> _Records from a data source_
- Opening Delimiter -

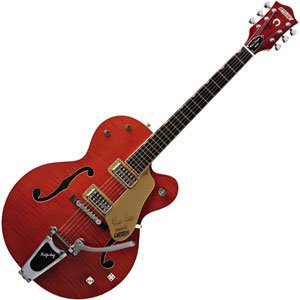 Professional Collection : Brian Setzer Models(プロフェッショナルコレクション:ブライアン・セッツァーモデル)最新のブライアン・セッツアーNashville®シグネイチャー・モデルは、ブライアンのスペックに合わせて、デザインしなおし製作しました彼が所有するヴィンテージ・ギター・コレクションを参考にし、また彼の好みである59年モデルに合わせ、よりソリッドなフィーリングとフルにサステインが得られるブレイシングを再現しました。カラーは、オレンジとグリーン・タイガー・フレイム・フィニッシュをご用意しています。G6120SSU は、TV Jones® Classicピックアップ、Sperzel®ロッキング・チューナー、ピン仕様Adjusto-matic™ ブリッジ、Bigsby® B6CB ヴィブラート・テールピースをフィーチャーしています。ホワイト・ダイス・コントロール・ノブポリッシュド・アルミニウム、ニッケル・メッキ・ハードウェアネオ・クラシック・サム・ネール・インレイ・ポジション・マーカーホースシュー・ヘッドストック・インレイフィンガーボード・バインディングデルリン・ナット1959スタイル・トレスタイル・ブレイシングマルチ・レイヤー・ボディー・バインディングオーバー・サイズド・F-ホールブライアン・セッツアー・シグネイチャー入りゴールド・プレキシ・ピックガードブライアン・セッツアー・ネーム入りアジャスト・カバーシャーラー・ストラップ・ロックアジャスタブル・トラス・ロッド
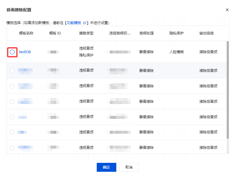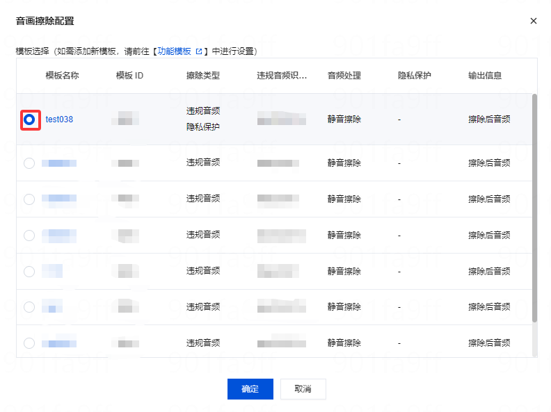 3. 根据您的业务需求选择音画擦除配置模板,然后单击确定即可完成配置。
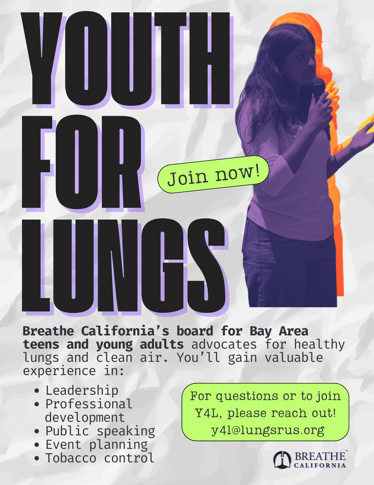 Our youth advocacy group, Youth for Lungs, provides peer support and guidance for any teen or young adult who wants to quit or get involved with promoting lung health in our communities. Download a Y4L flyer. To connect with Youth for Lungs, please email y4l@lungsrus.org.
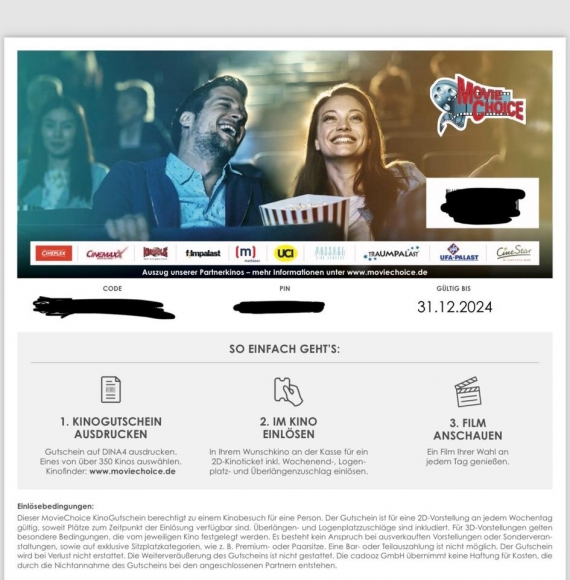 Biete hier Kino Gutscheine an für cinemaxx, Cinestar etc laufen am 31.12.2024 aus
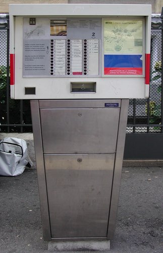 Galerie Billettautomaten Schweiz 98/103 Transports regional Neuchâtelois (TRN)Hersteller: Sadamel.Sortiment: Einzelbillette.Zahlungsmöglichkeiten: CH-Münzen.Bedienung: Tasten für Zielstation und Tarifstufe. Anleitung dreisprachig.(Place Pury, 31.08.2003)

- Closing Delimiter -

> _Task directions_
All records must be output exactly as they are, except for the pictures, which are left out.

> _Task solution_
 Professional Collection : Brian Setzer Models(プロフェッショナルコレクション:ブライアン・セッツァーモデル)最新のブライアン・セッツアーNashville®シグネイチャー・モデルは、ブライアンのスペックに合わせて、デザインしなおし製作しました彼が所有するヴィンテージ・ギター・コレクションを参考にし、また彼の好みである59年モデルに合わせ、よりソリッドなフィーリングとフルにサステインが得られるブレイシングを再現しました。カラーは、オレンジとグリーン・タイガー・フレイム・フィニッシュをご用意しています。G6120SSU は、TV Jones® Classicピックアップ、Sperzel®ロッキング・チューナー、ピン仕様Adjusto-matic™ ブリッジ、Bigsby® B6CB ヴィブラート・テールピースをフィーチャーしています。ホワイト・ダイス・コントロール・ノブポリッシュド・アルミニウム、ニッケル・メッキ・ハードウェアネオ・クラシック・サム・ネール・インレイ・ポジション・マーカーホースシュー・ヘッドストック・インレイフィンガーボード・バインディングデルリン・ナット1959スタイル・トレスタイル・ブレイシングマルチ・レイヤー・ボディー・バインディングオーバー・サイズド・F-ホールブライアン・セッツアー・シグネイチャー入りゴールド・プレキシ・ピックガードブライアン・セッツアー・ネーム入りアジャスト・カバーシャーラー・ストラップ・ロックアジャスタブル・トラス・ロッド
 3. 根据您的业务需求选择音画擦除配置模板,然后单击确定即可完成配置。
 Our youth advocacy group, Youth for Lungs, provides peer support and guidance for any teen or young adult who wants to quit or get involved with promoting lung health in our communities. Download a Y4L flyer. To connect with Youth for Lungs, please email y4l@lungsrus.org.
 Biete hier Kino Gutscheine an für cinemaxx, Cinestar etc laufen am 31.12.2024 aus
 Galerie Billettautomaten Schweiz 98/103 Transports regional Neuchâtelois (TRN)Hersteller: Sadamel.Sortiment: Einzelbillette.Zahlungsmöglichkeiten: CH-Münzen.Bedienung: Tasten für Zielstation und Tarifstufe. Anleitung dreisprachig.(Place Pury, 31.08.2003)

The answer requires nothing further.